Ayah dari ketiga anakmu


Berbenahlah, hari ini juga, berbenahlah meskipun kau berbenah untuk berdarah. Kertas kecil yang kujaga benar-benar kehalusannya sampai tak ada sesentipun yang robek maupun kucel ini mulai bereaksi. Seperti efek obat bius yang mengaliri urat sarafku. Tidak ada ketakutan, hanya ada gejolak tentang maukah kau hidup dan sudikah kau untuk mati. Barisan huruf berantakan dalam surat tadi masih berpidato di otakku. Lantang sekali, seperti hymne kaum buruh, seperti gebukan beribu-ribu drum. Aku tidak bohong soal ini, aku sangat pemberani.
Hanya untuk suamiku…………semua terdengar khayal. Srikandhi hanya ada dalam cerita, tapi ternyata banyak terlahir jelmaan Srikandhi di dunia nyata. Kata suamiku, kemungkinan salah satunya adalah aku………katanya juga aku harus mulai ditempa. 
Kami sudah siap. Tekad membusung di dada. Tidak ada setetes pun keraguan di hati kami. Inilah jalur yang harus kami tempuh, yang harus kami lewati tanpa keluh. Seandainya kami hanya berdiam diri tentu kami akan mati terinjak-injak di atas tanah kami sendiri, di antara bangkai sahabat-sahabat senasib kami. Kata suamiku itu menyakitkan, yaitu ketika hak kita dipangkas. 
Tiga bulan yang lalu ia menghembuskan nafas terakhirnya. Satu bidikan, tepat di uluh hatinya. 
Polisi menangkapnya ketika ia dan sepuluh kawannya tengah membahas soal demonstrasi kedua. Tak satupun dari mereka yang menyangka bahwa kerahasiaan pertemuan itu bocor. Aku sendiri juga tidak menyangka akan hal itu. Akibatnya demonstrasi kedua batal, malam hari itu juga kesebelas perancang strategi digiring ke kantor polisi. Sebagian saksi melihat bahwa mereka yang tertangkap ditelanjangi dan diperlakukan secara tidak manusiawi. Mereka berjalan dipandu oleh pentungan-pentungan berat para polisi, beberapa di antaranya yang mencoba melawan dicambuk dengan rotan. Entahlah, semoga ketika itu Tuhan melindungi suamiku sehingga dia mampu menahan letupan emosinya. Aku tahu benar bahwa jiwanya bermasalah, dan aku tahu benar bahwa dia seringkali kehilangan kontrol emosinya pada saat-saat kritis. 

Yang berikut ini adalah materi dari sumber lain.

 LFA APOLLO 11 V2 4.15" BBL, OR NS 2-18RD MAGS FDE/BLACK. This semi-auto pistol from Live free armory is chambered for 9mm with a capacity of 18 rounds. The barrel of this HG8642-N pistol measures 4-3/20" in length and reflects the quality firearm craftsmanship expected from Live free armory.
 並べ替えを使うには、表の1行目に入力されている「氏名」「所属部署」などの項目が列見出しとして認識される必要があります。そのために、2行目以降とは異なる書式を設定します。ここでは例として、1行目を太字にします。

Selama seminggu mereka ditahan tanpa proses peradilan. Itu sangat menyiksa batinku. Kelompok kami mulai bereaksi terhadap kepincangan hukum pemerintah ini, namun tidak ada reaksi balik. Kami merasa dibodohi. Di sini kebencian kami terhadap rezim ini semakin berkarat. Dan ketika vonis hukuman mati dijatuhkan kami hanya bisa mengutuk mereka yang berwenang, kami sempat kalap, namun sia-sia saja, penangkapan anggota-anggota kami semakin meluas. Gerak kami dipersempit. 

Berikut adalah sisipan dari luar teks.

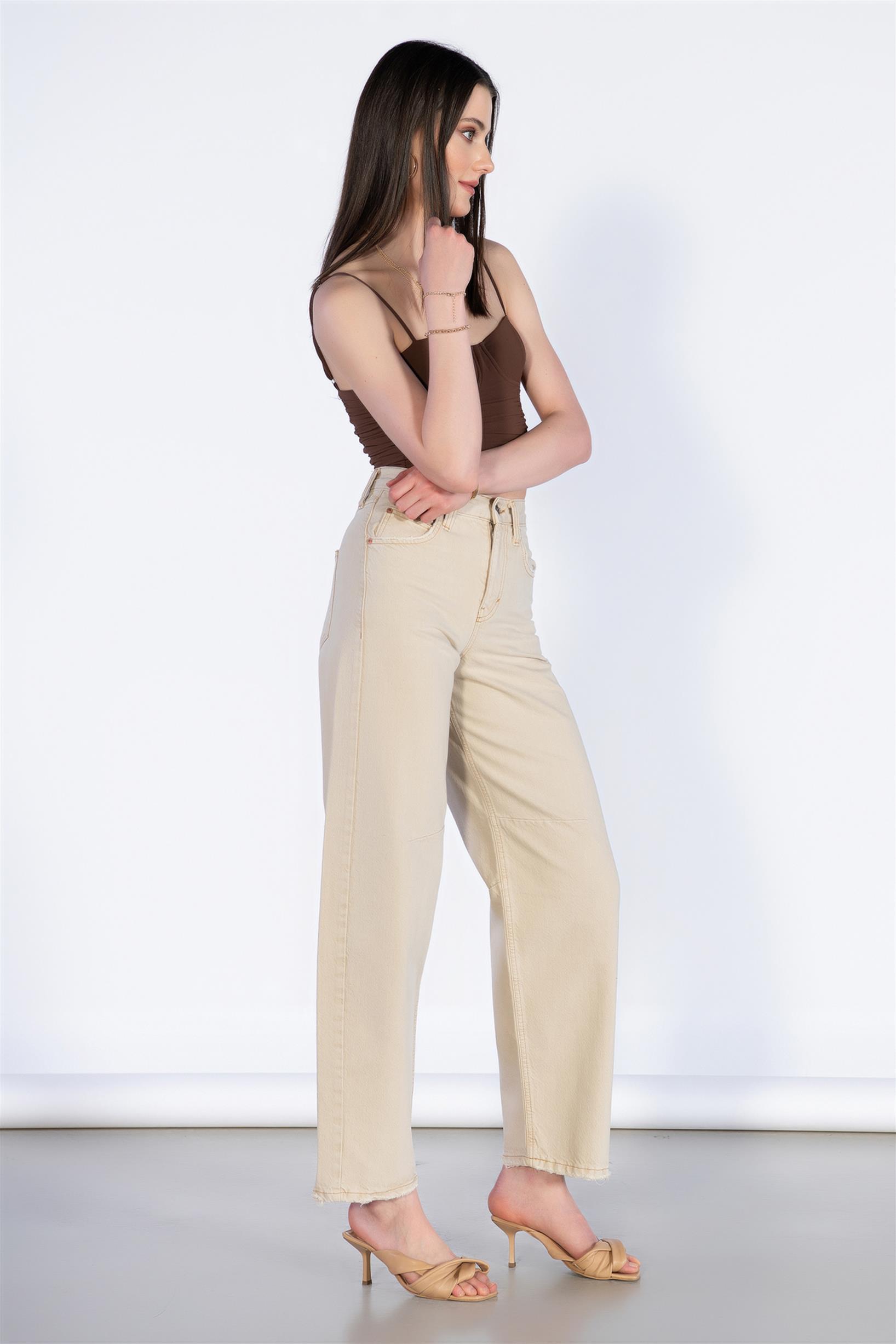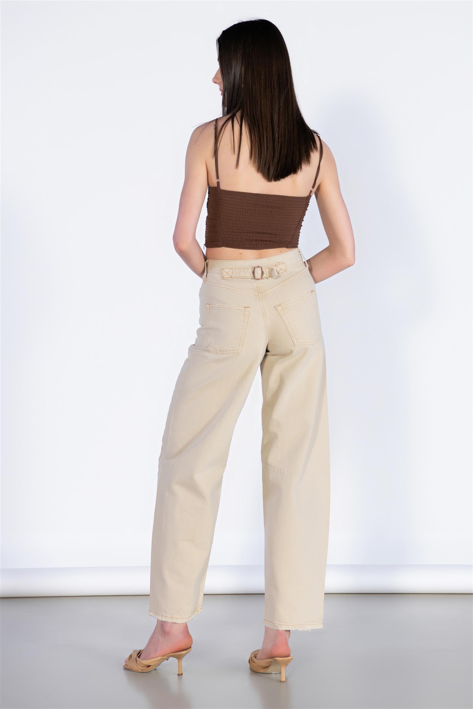 Bej Yüksek Bel Beli Kemerli Boyfirend Jeans

Rezim ini memang kejam. Menggilas kami dengan roda-roda militerisme yang kejam dan kaku. Sejak awal berdirinya kekuatan busuk ini, kami mulai terorganisir oleh sesuatu yang menjijikkan. Kami hidup dinaungi ketakutan akan drakula-drakula gentayangan atau sekelompok psikopat gila, dan sampai pada suatu saat ketika masa lalu kami ditelisik sampai tuntas, mulai terlihat sebuah teori kejam yang akan segera diberlakukan. Garis keturunan kami diusut. Yang berdarah orang-orang bermasalah pada dua rezim sebelumnya mulai diperkosa hak-haknya. Tentu ini adalah sebuah masalah besar. Sejujurnya suatu tindakan yang salah mempercayai adanya dosa waris, Tuhan pun mengharamkannya. Ketika kebenaran itu coba diusung oleh para pendahulu kita dan itu gagal, apakah itu yang menyebabkan kita harus terkena getahnya???? Apakah dosa masa lalu perlu dibangkitkan lagi kepada wajah-wajah anak-anak para pendosa???? Dan sesungguhnya posisi para pendahulu kami adalah sebagai warga negara yang merindukan memanen padi di sawah sendiri, dan meminum air dari sungai kami sendiri. Sekarang kami ada di posisi yang sama. Itu tidak akan pernah berubah sampai kapan pun sampai segalanya terpenuhi. 
Ya, kini aku berdiri, di hadapan anak-anakku, sebagai ibu mereka, membiuskan doktrinasi. Tidak boleh takut, tidak boleh merengek, tidak boleh mengeluh. Haram!!! Kubisikkan pada mereka satu per satu. Bulat juga tekadku hari ini. Jangan pedulikan gas air mata, pedulikan harga dirimu yang harus kau rampas kembali, jangan kau pedulikan peluru-peluru liar menerjang, pedulikan ayah-ayahmu yang menghadap para algojo di tengah malam itu, jangan pedulikan pukulan rotan atau gelonggong kayu, pedulikan bahwa kau adalah yang berhak atas dirimu sendiri dan bukan orang lain, pedulikan nenek moyangmu yang hidup bercokol di atas tanah dosa berdarah, tanah fasis yang disumpah serapahi oleh Tuhan. Amin.
Kami berangkat, itu saja. Tenang sekali langkah kami.